On the cold Monday night of February 4th, 1929, the quiet clifftop bungalow colony of Limeslade, above the Mumbles on Swansea Bay in Wales, was shattered by a scream. Minutes later, forty-three-year-old Kate Jackson lay outside her back door with devastating head injuries. Within six days she would be dead, and a century later her case—nicknamed the Limeslade Mystery or Madame X Mystery—remains one of Wales’s most intriguing unsolved murders.
Born Kate Atkinson in Lancashire in 1885, she reinvented herself repeatedly. In London she styled herself “Mollie le Grys” and lived with a man named Leopold le Grys; later she claimed exotic origins and even told her husband she was the popular novelist Ethel M. Dell. In 1919 she married Thomas (Tom) Jackson, a war veteran and fishmonger. The couple eventually adopted a daughter and, around 1927, moved to a small, isolated bungalow on Plunch Lane in Limeslade. Neighbors knew her as “Kate,” but intimates still called her “Mollie.”
Behind the new name was a secret income. Since 1914, after a minor collision on Charing Cross Road blossomed into an affair, Kate had extracted money from George Harrison, a union official who embezzled funds to pay her. When Harrison was prosecuted in 1927 for stealing £19,000, the press and police shielded Kate’s identity as “Madame X”—the mystery woman at the heart of the scandal. The payments explained the couple’s relatively comfortable lifestyle and, perhaps, Kate’s growing fear of being exposed.
On February 4th, 1929, Kate returned from the Tivoli Cinema with her neighbor Olive Dimick. After saying goodnight, Olive heard a cry and rushed back to find Kate crumpled near the back door, bleeding heavily, while Tom bent over her. Neighbors gathered, a doctor was called, and Kate—drifting in and out of consciousness—murmured a single puzzling word several times: “gorse.” X-rays would show a fractured skull and at least nine separate head wounds. Police noted broken glass in a pool of blood by the door.
Kate was taken to Swansea General Hospital under police guard in the hope she might identify her attacker. She briefly rallied on February 9th, but her answers yielded nothing useful. She died the next day of heart failure brought on by the trauma. The killing site—an exposed lane of scattered bungalows above Limeslade Bay—fed a sense that a stranger might have been lying in wait, but firm evidence was thin.
Suspicion quickly focused on the victim’s husband, Tom Jackson. A tire iron was found concealed in the kitchen, and some of Tom’s behavior on the night of the attack—initially declining help, slow to contact police—seemed strangely casual given the severity of his wife’s injuries. Yet investigators struggled to connect him to the assault or to establish a motive that benefited him. In July 1929, at the Swansea (Glamorgan) Assizes, Tom was acquitted of murder, prompting a noisy reaction in court and general public outrage.
Theories still abound about who killed Kate Jackson. The prosecution failed to show how Tom profited from Kate’s death; if anything, her secret allowance propped up their lifestyle. The tire iron, though suspicious, never definitively tied him to the attack.

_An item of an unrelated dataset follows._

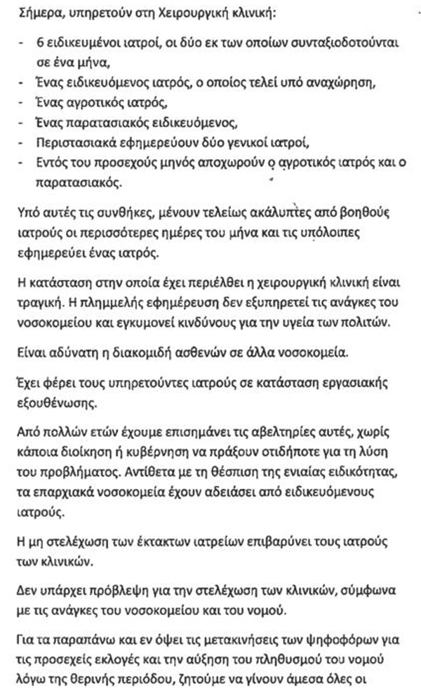 Αναφορά του συνόλου των γιατρών της Χειρουργικής Κλινικής του Γενικού Νοσοκομείου Άρτας που μας κοινοποιήθηκε και δηλώνουμε την αμέριστη στήριξη μας.

On the other hand, some have speculated that someone connected to the 1927 embezzlement—angry unionists, an accomplice, or another target—sought revenge or silence. Harrison himself was in prison, but Kate’s role as “Madame X” was widely reported during the murder coverage, and she had spoken of threatening letters. No reliable suspect along these lines emerged, however.

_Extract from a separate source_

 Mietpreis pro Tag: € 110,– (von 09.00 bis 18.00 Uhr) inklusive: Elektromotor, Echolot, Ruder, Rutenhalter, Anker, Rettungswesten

In another scenario, neighbors mentioned an unfamiliar car near the bungalow that evening. Limeslade’s geography—unlit lanes, scattered holiday chalets—made the idea of an opportunistic or planned ambush plausible, but investigators found nothing conclusive.
One intriguing enigma was Kate’s dying word, “gorse,” variously interpreted as the spiky Welsh hillside shrub or perhaps misheard as “Grys,” pointing back to le Grys. The clue has obsessed writers ever since, and still has no clear explanation.
The Limeslade Mystery endures because it fuses the victim’s dramatic double life with a classic cottage-lane whodunnit. And nearly a century later, it still remains unsolved.